By Sarah Shapiro    
What have we done?
This morning marked the first weekday in three decades that I wasn't confronted by beggars when approaching the Western Wall. After a long history of complaints from tourists and residents, a front-page article in the Friday (November 9) Jerusalem Post reported, "Praying, Yes — but Begging, No," — beggars have at last been banned from Judaism's holiest site. So their absence today didn't come as a complete surprise.
But it felt a little odd, even vaguely disorienting, to descend from the bus, make my way across the Western Wall Plaza, then turn right onto the walkway down toward the Wall — all without being accosted by those supplicant eyes and outstretched hands. Gone were Malka and Tzipora, Shoshana and Ilana, and all the others, whose names I never knew. Apparently, somewhere along the line, I'd gotten used to them. The persistent annoyance of their presence had become an integral feature of my Western Wall experience, perhaps as much as the huge, eternal stones themselves.

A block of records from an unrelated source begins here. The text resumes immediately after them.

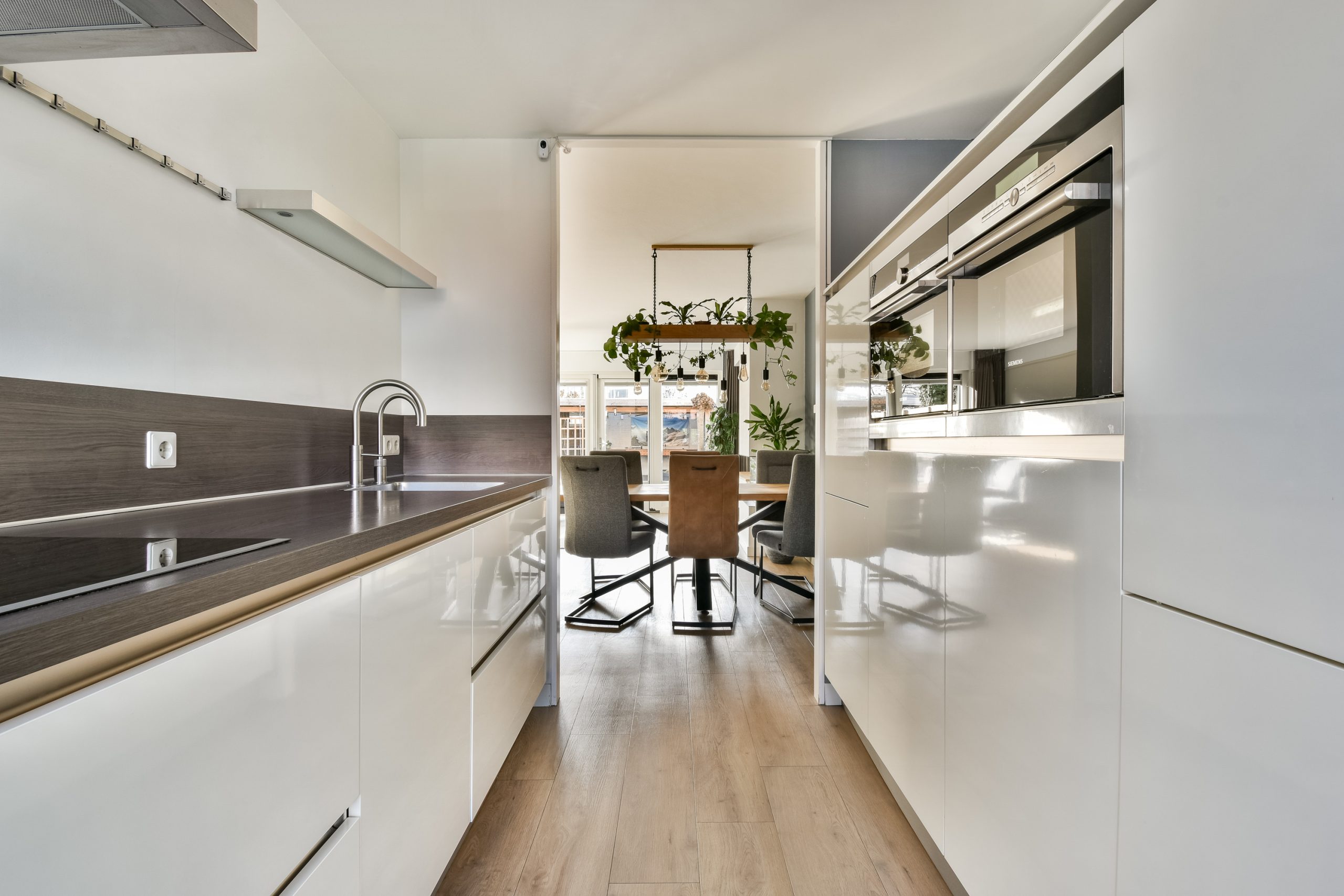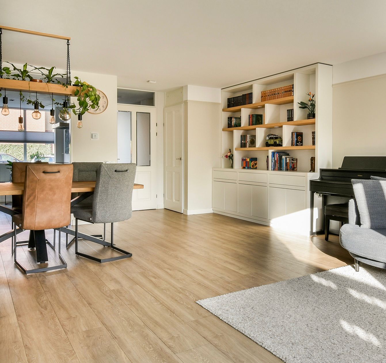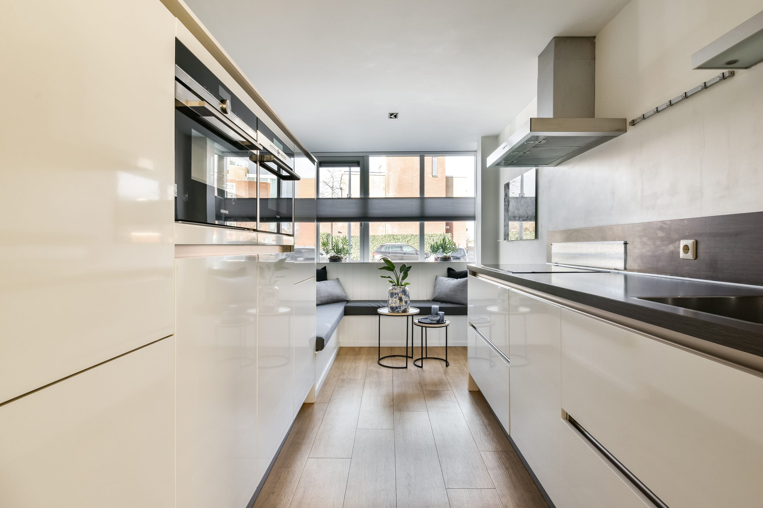 Aan de voorzijde ligt de nette open keuken met een ingebouwd zitje bij de erker. Een heerlijke plek om de dag te beginnen. De keuken is praktisch ingedeeld, goed onderhouden en compleet uitgerust met een inductiekookplaat, afzuigkap, vaatwasser, combi-oven, stoomoven, koelkast met vriesvak en een Quooker kraan inclusief boiler. Een verzorgde keuken waar functionaliteit en gezelligheid perfect samenkomen.
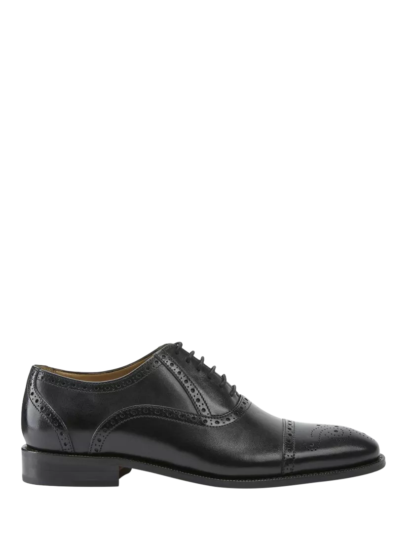 Never underestimate the impact of power dressing, a classic leather formal punctuated with brogue detailing across the Oxford silhouette. Created with smooth polished leathers with traditional toe cap and almond toe, padded sock and tongue adds comfort to your formal edits.
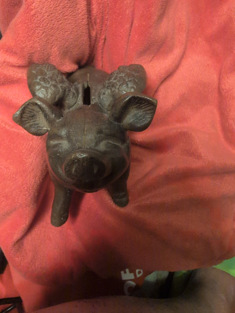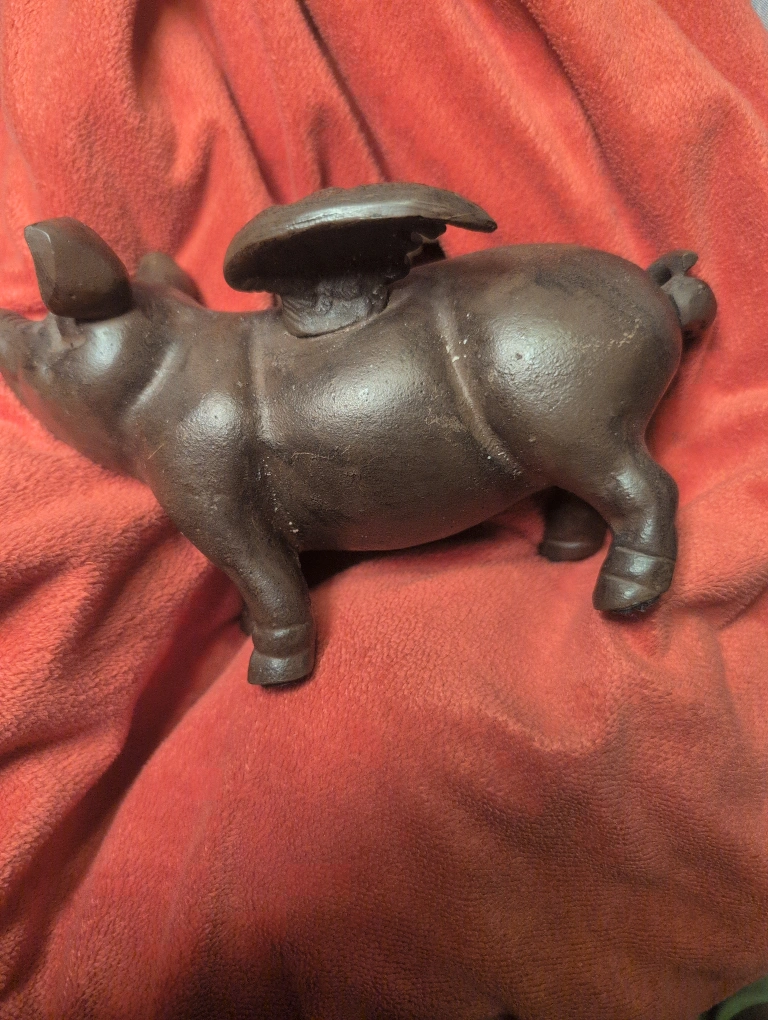 Selling a cute flying pig piggy bank! It's a charming addition to any room, with its detailed design and rustic finish. It's in great condition and ready to be your new coin collector
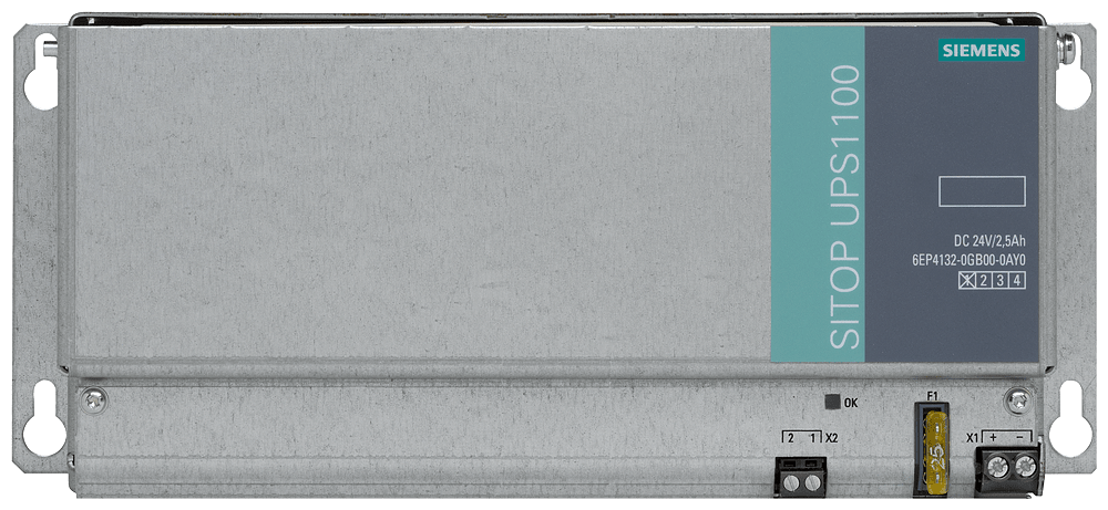 SITOP UPS1100 modulo batteria con batterie al piombo sigillate batteria al piombo puro per moduli SITOP DC-UPS DC 24 V 2,5 Ah I moduli batteria esenti da manutenzione SITOP UPS1100 con batterie al piombo puro, più insensibili alle temperature, sono un importante componente dei sistemi DC-USV. In combinazione con un alimentatore a 24 V e un modulo UPS1600 consentono di bufferizzare cadute di rete anche dellordine di ore. La gestione intelligente delle batterie dellUPS1600 ricarica lUPS1100 con la caratteristica di carica ottimale a temperatura controllata e sorveglia lo stato via Energy Storage Link (dati di funzionamento e informazioni di diagnostica) dei moduli batteria collegati. Per ottenere tempi di bufferizzazione più lunghi è possibile collegare fino a sei moduli batteria paralleli. Il fissaggio si esegue su guida profilata standard o con il montaggio direttamente a parete.
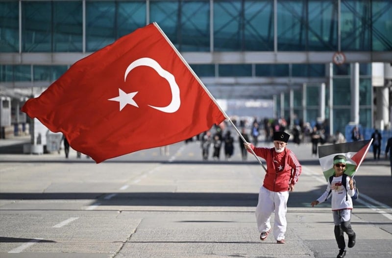Ellerde Türk bayrağı ve Filistin bayrağı
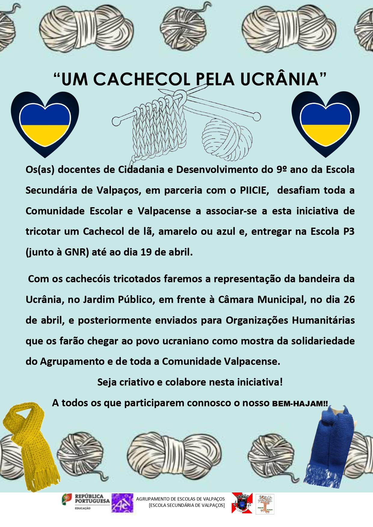 Os docentes da disciplina de Cidadania e Desenvolvimento do 9º ano juntamente com o PIICIE (Plano Integrado e Inovador de Combate ao Insucesso Escolar) uniram-se em prol do povo da Ucrânia e convida a todas as Associações, comunidade escolar e do Concelho de Valpaços a colaborar connosco.

And annoyance it often was. Except for violence and outright acts of aggression (which in 30 years I myself never witnessed; perhaps behavior of that sort occurred over on the men's side) I can attest to the basic accuracy of most everything else reported in the Post. The guilt-inducing comments and the disappointed gaze, the requests for more, the ubiquitous red strings. Most irritating of all: the less than gentle, insistent tapping on one's shoulder in the midst of prayer — surely the ultimate intrusion on a person's privacy.   
ONE BEGGAR in particular earned a certain notoriety by virtue of her rude insatiability. Give her a shekel and she'd want five. Five and she'd implore you for ten. Ten? You were in for a scolding. "Ze lo yafe! I just got out of the hospital! An operation! Look! Here's my scar!"
A visitor to Israel once told me how he'd given this individual NIS 20 and she had reprimanded him for not giving dollars! On one occasion when I decided impulsively to court her favor, I gave her five shekels, which she said was not enough. "Beseder [OK]! Give it back to me then!" I retorted, snatching it from her hand. That crass interaction upset my equanimity and discombobulated me to such an extent throughout my morning prayers, that I determinedly ignored her from then on, passing her by with averted eyes — which was equally discombobulating. She had me over a barrel.
It was additionally unnerving to learn sometime later that several respected rabbis in the Jewish Quarter had pooled funds and raised money on this woman's behalf. That's how she paid for the operation.